Information provided:
+ + + +

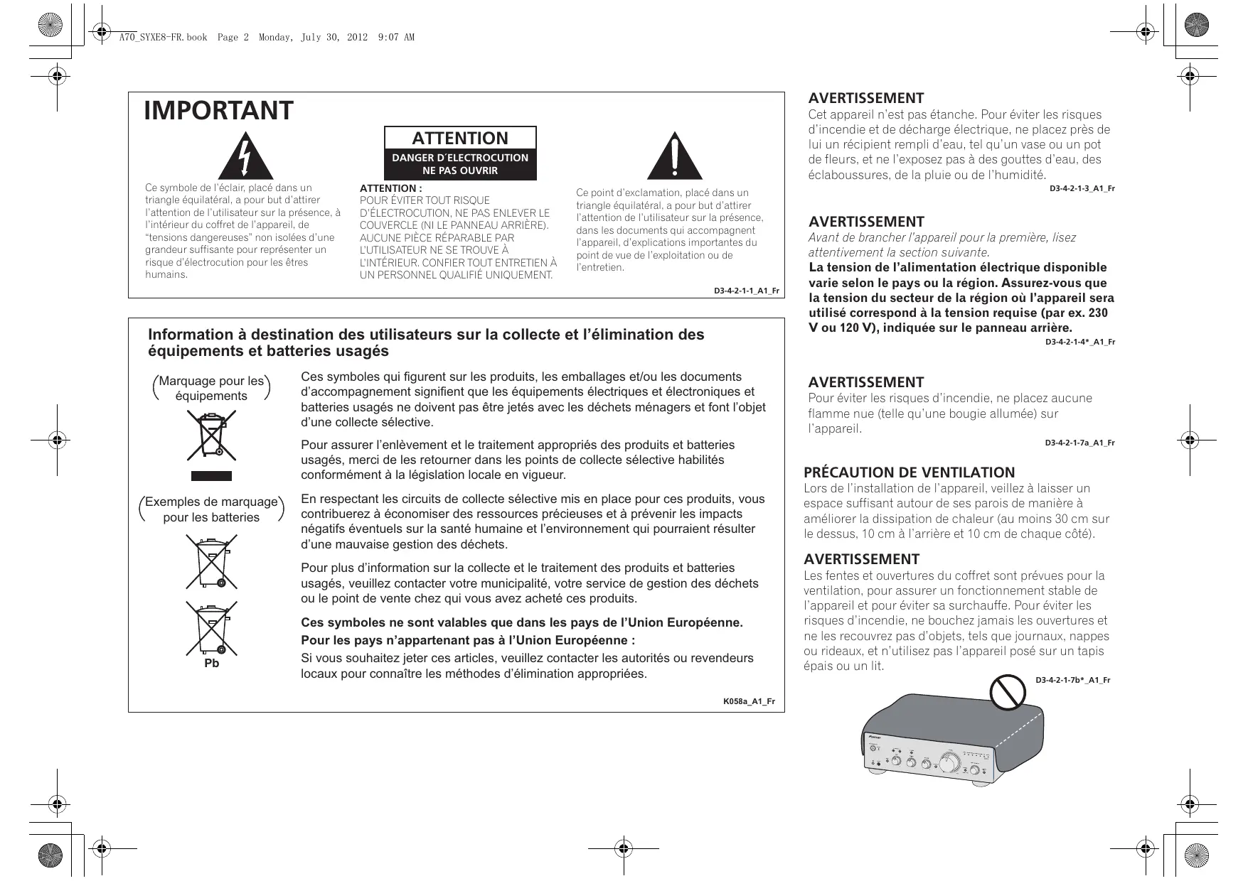- Lors de l’installation de l’appareil, veillez à laisser un espace suffisant autour de ses parois de manière à améliorer la dissipation de chaleur (au moins 30 cm sur le dessus, 10 cm à l’arrière et 10 cm de chaque côté). AVERTISSEMENT Les fentes et ouvertures du coffret sont prévues pour la ventilation, pour assurer un fonctionnement stable de l’appareil et pour éviter sa surchauffe. Pour éviter les risques d’incendie, ne bouchez jamais les ouvertures et ne les recouvrez pas d’objets, tels que journaux, nappes ou rideaux, et n’utilisez pas l’appareil posé sur un tapis épais ou un lit. D3-4-2-1-7b*_A1_Fr A70_SYXE8-FR.book Page 3 Monday, July 30, 2012 9:07 AM Milieu de fonctionnement Température et humidité du milieu de fonctionnement : De +5 °C à +35 °C (de +41 °F à +95 °F) ; Humidité relative inférieure à 85 % (orifices de ventilation non obstrués) N’installez pas l’appareil dans un endroit mal ventilé ou un lieu soumis à une forte humidité ou en plein soleil (ou à une forte lumière artificielle). Ce produit est destiné à une utilisation domestique générale. Toute panne due à une utilisation autre qu'à des fins privées (comme une utilisation à des fins commerciales dans un restaurant, dans un autocar ou sur un bateau) et qui nécessite une réparation sera aux frais du client, même pendant la période de garantie. K041_A1_Fr D3-4-2-1-7c*_A1_Fr Nous vous remercions pour cet achat d’un produit Pioneer. Nous vous demandons de lire soigneusement ce mode d’emploi ; vous serez ainsi à même de faire fonctionner l’appareil correctement. Après avoir bien lu le mode d’emploi, le ranger dans un endroit sûr pour pouvoir s’y référer ultérieurement. Table des matières 01 Préparatifs Si la fiche d’alimentation secteur de cet appareil ne convient pas à la prise secteur à utiliser, la fiche doit être remplacée par une appropriée. Ce remplacement et la fixation d’une fiche secteur sur le cordon d’alimentation de cet appareil doivent être effectués par un personnel de service qualifié. En cas de branchement sur une prise secteur, la fiche de coupure peut provoquer une sérieuse décharge électrique. Assurez-vous qu’elle est éliminée correctement après sa dépose. L’appareil doit être déconnecté en débranchant sa fiche secteur au niveau de la prise murale si vous prévoyez une période prolongée de non utilisation (par exemple avant un départ en vacances). D3-4-2-2-1a_A1_Fr ATTENTION L’interrupteur /I STANDBY/ON de cet appareil ne coupe pas complètement celui-ci de sa prise secteur. Comme le cordon d’alimentation fait office de dispositif de déconnexion du secteur, il devra être débranché au niveau de la prise secteur pour que l’appareil soit complètement hors tension. Par conséquent, veillez à installer l’appareil de telle manière que son cordon d’alimentation puisse être facilement débranché de la prise secteur en cas d’accident. Pour éviter tout risque d’incendie, le cordon d’alimentation sera débranché au niveau de la prise secteur si vous prévoyez une période prolongée de non utilisation (par exemple avant un départ en vacances). NOTE IMPORTANTE SUR LE CABLE D’ALIMENTATION Tenir le câble d’alimentation par la fiche. Ne pas débrancher la prise en tirant sur le câble et ne pas toucher le câble avec les mains mouillées. Cela risque de provoquer un court-circuit ou un choc électrique. Ne pas poser l’appareil ou un meuble sur le câble. Ne pas pincer le câble. Ne pas faire de noeud avec le câble ou l’attacher à d’autres câbles. Les câbles d’alimentation doivent être posés de façon à ne pas être écrasés. Un câble abîmé peut provoquer un risque d’incendie ou un choc électrique. Vérifier le câble d’alimentation de temps en temps. Contacter le service après-vente PIONEER le plus proche ou le revendeur pour un remplacement. S002*_A1_Fr Contenu de la boîte p. 4
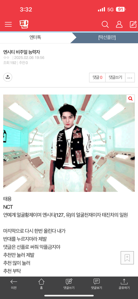 엔시티 비주얼 능력자글에 반대를 누르지 말아줘 더이상
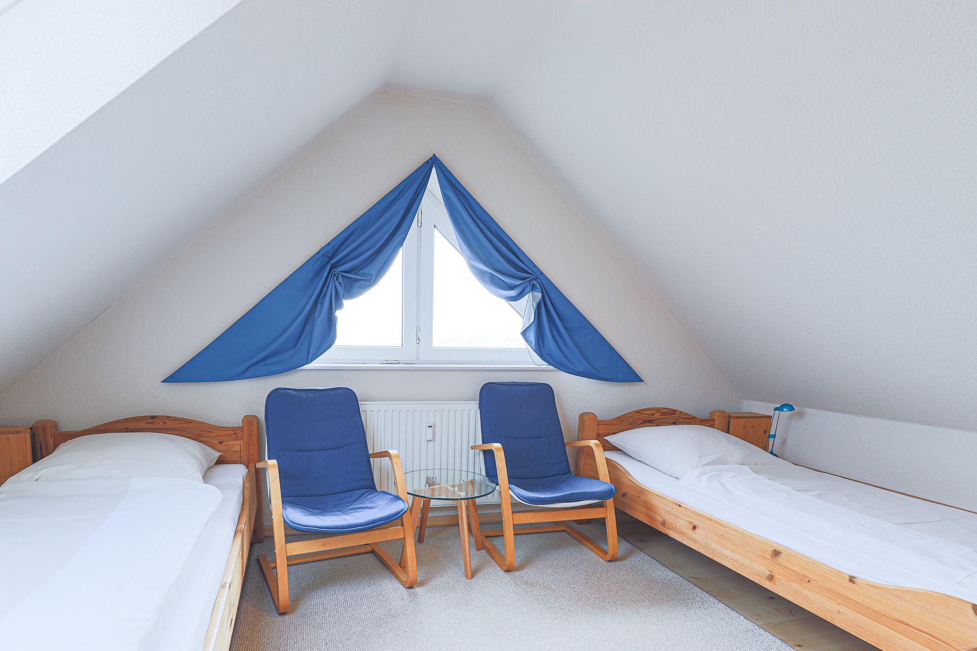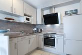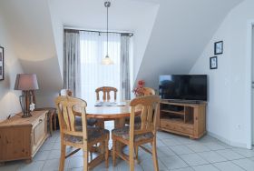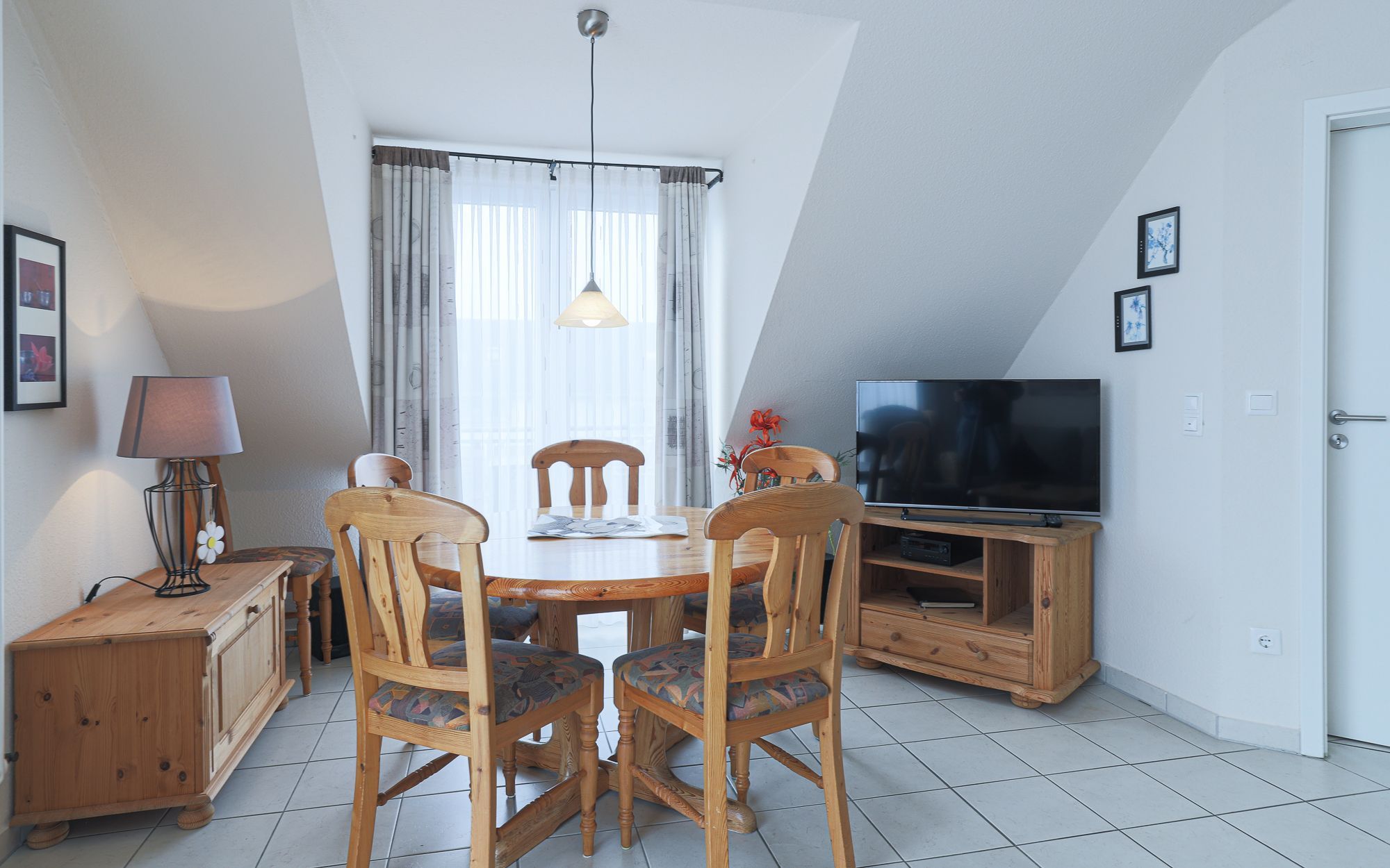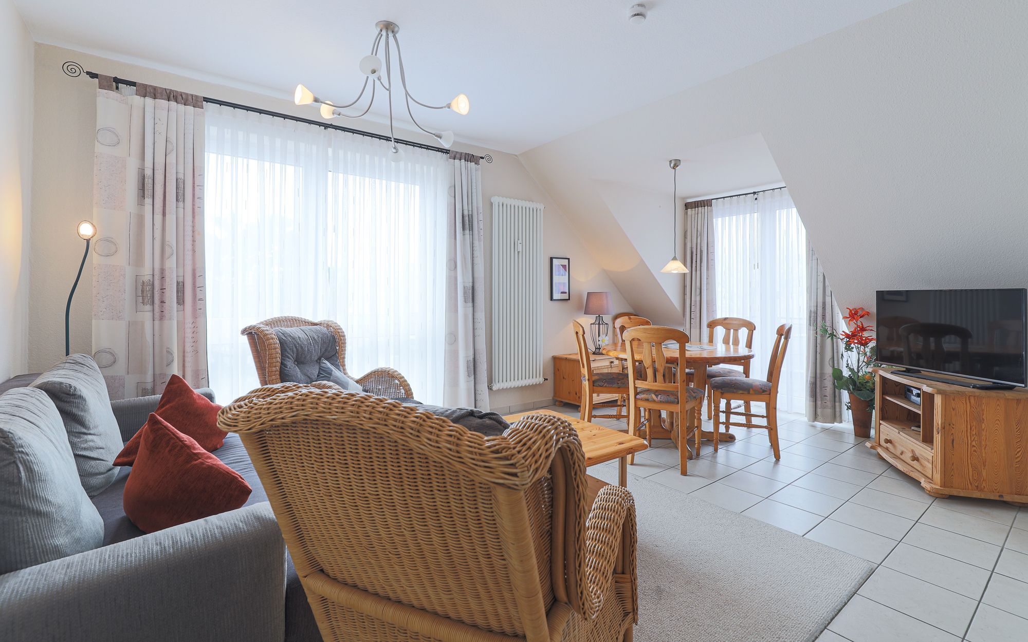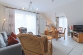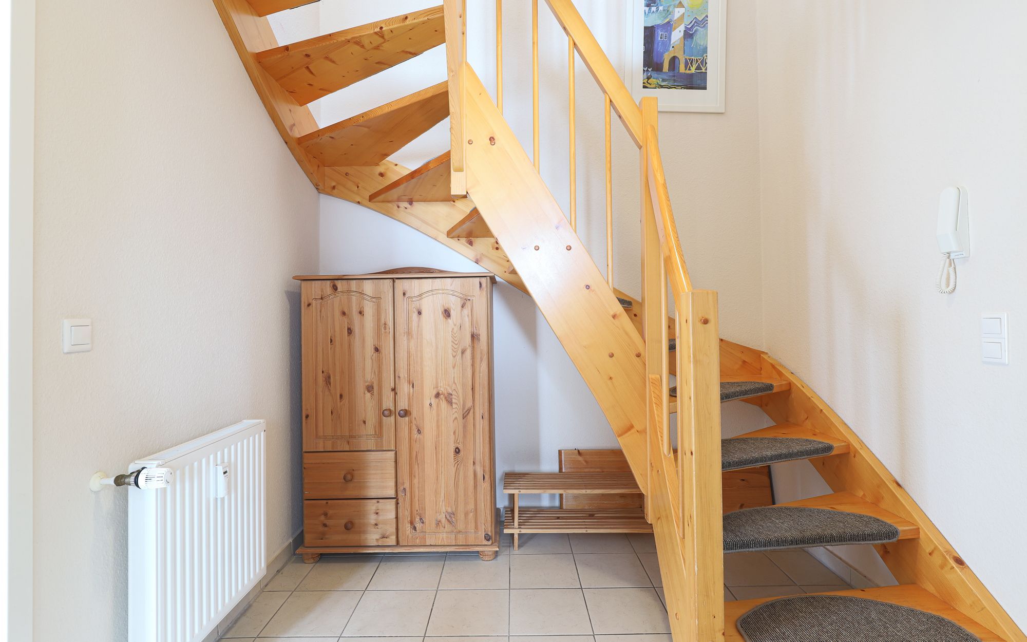 Im oberen Wohnbereich erwartet Sie ein offener, großzügiger Wohn-, Ess- und Küchenbereich mit direktem Zugang zum Westbalkon hier genießen Sie die Nachmittagssonne in vollen Zügen nach einem Spaziergang am Meer. Die Einbauküche ist komplett ausgestattet und lädt zu gemeinsamen Kochmomenten ein. Ebenfalls im Dachgeschoss befindet sich ein praktisches Gäste-WC.
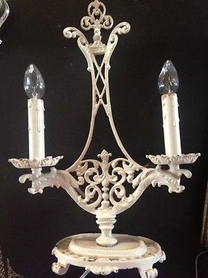 Title (ebay affiliate link): Antique Wrought Iron Decorative Candelabra Table Lamp Art Nouveau Pattern

+ + + +

Return the full material word for word. Do not include the pictures.

- Lors de l’installation de l’appareil, veillez à laisser un espace suffisant autour de ses parois de manière à améliorer la dissipation de chaleur (au moins 30 cm sur le dessus, 10 cm à l’arrière et 10 cm de chaque côté). AVERTISSEMENT Les fentes et ouvertures du coffret sont prévues pour la ventilation, pour assurer un fonctionnement stable de l’appareil et pour éviter sa surchauffe. Pour éviter les risques d’incendie, ne bouchez jamais les ouvertures et ne les recouvrez pas d’objets, tels que journaux, nappes ou rideaux, et n’utilisez pas l’appareil posé sur un tapis épais ou un lit. D3-4-2-1-7b*_A1_Fr A70_SYXE8-FR.book Page 3 Monday, July 30, 2012 9:07 AM Milieu de fonctionnement Température et humidité du milieu de fonctionnement : De +5 °C à +35 °C (de +41 °F à +95 °F) ; Humidité relative inférieure à 85 % (orifices de ventilation non obstrués) N’installez pas l’appareil dans un endroit mal ventilé ou un lieu soumis à une forte humidité ou en plein soleil (ou à une forte lumière artificielle). Ce produit est destiné à une utilisation domestique générale. Toute panne due à une utilisation autre qu'à des fins privées (comme une utilisation à des fins commerciales dans un restaurant, dans un autocar ou sur un bateau) et qui nécessite une réparation sera aux frais du client, même pendant la période de garantie. K041_A1_Fr D3-4-2-1-7c*_A1_Fr Nous vous remercions pour cet achat d’un produit Pioneer. Nous vous demandons de lire soigneusement ce mode d’emploi ; vous serez ainsi à même de faire fonctionner l’appareil correctement. Après avoir bien lu le mode d’emploi, le ranger dans un endroit sûr pour pouvoir s’y référer ultérieurement. Table des matières 01 Préparatifs Si la fiche d’alimentation secteur de cet appareil ne convient pas à la prise secteur à utiliser, la fiche doit être remplacée par une appropriée. Ce remplacement et la fixation d’une fiche secteur sur le cordon d’alimentation de cet appareil doivent être effectués par un personnel de service qualifié. En cas de branchement sur une prise secteur, la fiche de coupure peut provoquer une sérieuse décharge électrique. Assurez-vous qu’elle est éliminée correctement après sa dépose. L’appareil doit être déconnecté en débranchant sa fiche secteur au niveau de la prise murale si vous prévoyez une période prolongée de non utilisation (par exemple avant un départ en vacances). D3-4-2-2-1a_A1_Fr ATTENTION L’interrupteur /I STANDBY/ON de cet appareil ne coupe pas complètement celui-ci de sa prise secteur. Comme le cordon d’alimentation fait office de dispositif de déconnexion du secteur, il devra être débranché au niveau de la prise secteur pour que l’appareil soit complètement hors tension. Par conséquent, veillez à installer l’appareil de telle manière que son cordon d’alimentation puisse être facilement débranché de la prise secteur en cas d’accident. Pour éviter tout risque d’incendie, le cordon d’alimentation sera débranché au niveau de la prise secteur si vous prévoyez une période prolongée de non utilisation (par exemple avant un départ en vacances). NOTE IMPORTANTE SUR LE CABLE D’ALIMENTATION Tenir le câble d’alimentation par la fiche. Ne pas débrancher la prise en tirant sur le câble et ne pas toucher le câble avec les mains mouillées. Cela risque de provoquer un court-circuit ou un choc électrique. Ne pas poser l’appareil ou un meuble sur le câble. Ne pas pincer le câble. Ne pas faire de noeud avec le câble ou l’attacher à d’autres câbles. Les câbles d’alimentation doivent être posés de façon à ne pas être écrasés. Un câble abîmé peut provoquer un risque d’incendie ou un choc électrique. Vérifier le câble d’alimentation de temps en temps. Contacter le service après-vente PIONEER le plus proche ou le revendeur pour un remplacement. S002*_A1_Fr Contenu de la boîte p. 4
 엔시티 비주얼 능력자글에 반대를 누르지 말아줘 더이상
 Im oberen Wohnbereich erwartet Sie ein offener, großzügiger Wohn-, Ess- und Küchenbereich mit direktem Zugang zum Westbalkon hier genießen Sie die Nachmittagssonne in vollen Zügen nach einem Spaziergang am Meer. Die Einbauküche ist komplett ausgestattet und lädt zu gemeinsamen Kochmomenten ein. Ebenfalls im Dachgeschoss befindet sich ein praktisches Gäste-WC.
 Title (ebay affiliate link): Antique Wrought Iron Decorative Candelabra Table Lamp Art Nouveau Pattern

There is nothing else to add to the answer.